Retype the listing exactly, with no images.
GIVEN INFORMATION below:
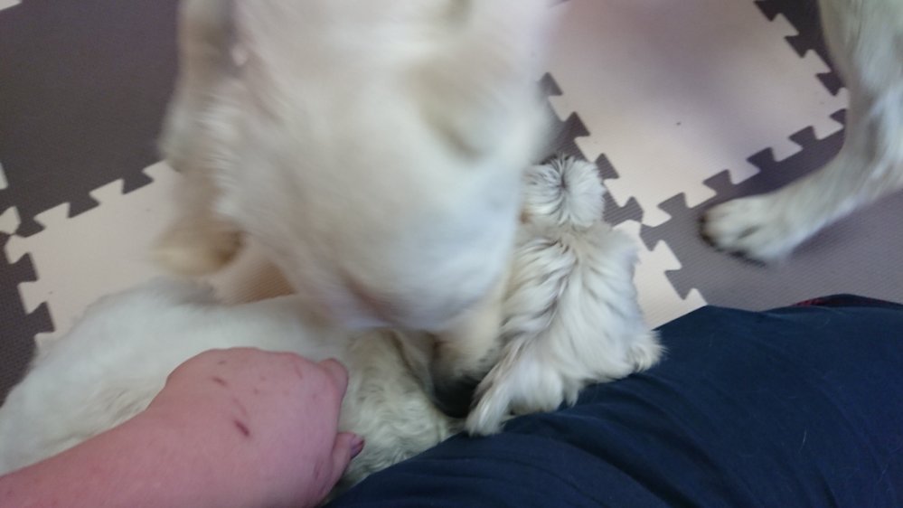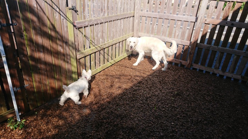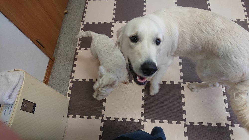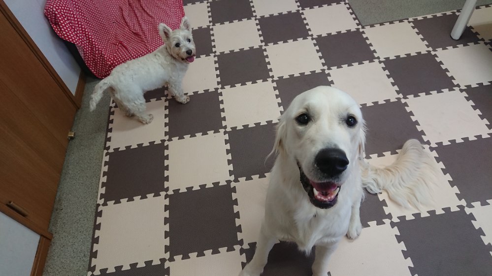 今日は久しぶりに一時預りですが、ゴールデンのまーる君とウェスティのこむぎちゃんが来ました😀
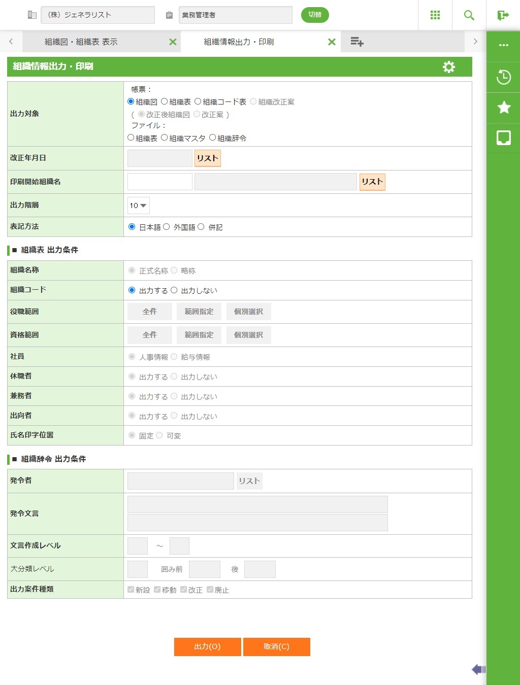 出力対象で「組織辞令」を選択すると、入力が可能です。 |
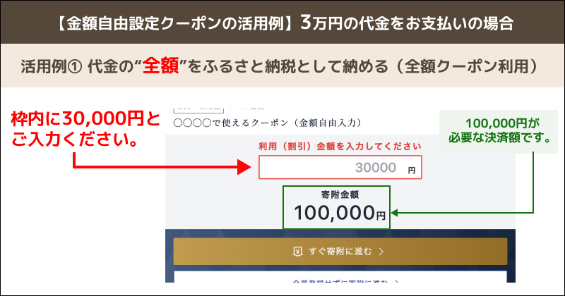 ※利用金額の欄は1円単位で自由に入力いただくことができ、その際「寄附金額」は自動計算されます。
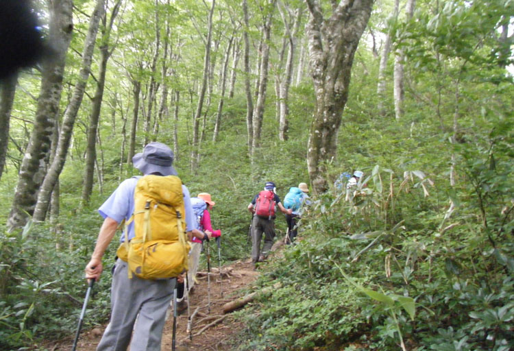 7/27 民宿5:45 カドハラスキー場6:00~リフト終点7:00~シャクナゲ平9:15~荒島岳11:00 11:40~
End of GIVEN INFORMATION.
THE COMPLETED TASK
 今日は久しぶりに一時預りですが、ゴールデンのまーる君とウェスティのこむぎちゃんが来ました😀
 出力対象で「組織辞令」を選択すると、入力が可能です。 |
 ※利用金額の欄は1円単位で自由に入力いただくことができ、その際「寄附金額」は自動計算されます。
 7/27 民宿5:45 カドハラスキー場6:00~リフト終点7:00~シャクナゲ平9:15~荒島岳11:00 11:40~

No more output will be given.